__GIVEN INFORMATION__
══════════════════════════════
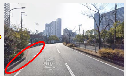
武庫川団地中央バス停付近(南向)
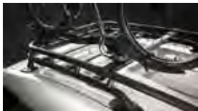
Accesorio para sujetar bicicletas $274 MSRP de las partes solamente**
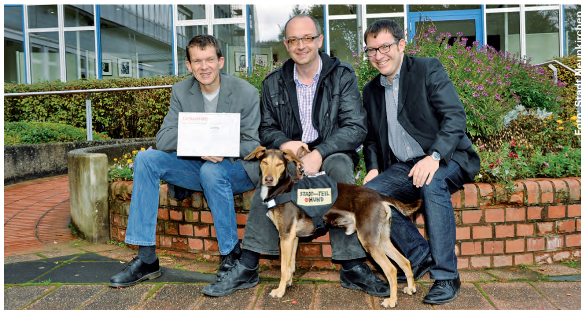
Für mehr Sauberkeit: Auf den Hund gekommen.

Hundekot im öffentlichen Raum ist ein leidiges Thema. Zwar gibt es Hundekotbeutel, doch manchen Hundehaltern ist es schlicht egal, wo ihr Hund hinmacht. Aus Sicht mancher Bürger soll es der Ordnungsdienst richten. „Doch rücksichtslosen Hundehaltern auf den Pelz zu rücken, ist nicht die Haupt-
══════════════════════════════
__DIRECTIONS FOR THIS TASK__
Return the full listing above verbatim, please, but without its images.

__TASK ANSWER__
武庫川団地中央バス停付近(南向)
Accesorio para sujetar bicicletas $274 MSRP de las partes solamente**
Für mehr Sauberkeit: Auf den Hund gekommen.

Hundekot im öffentlichen Raum ist ein leidiges Thema. Zwar gibt es Hundekotbeutel, doch manchen Hundehaltern ist es schlicht egal, wo ihr Hund hinmacht. Aus Sicht mancher Bürger soll es der Ordnungsdienst richten. „Doch rücksichtslosen Hundehaltern auf den Pelz zu rücken, ist nicht die Haupt-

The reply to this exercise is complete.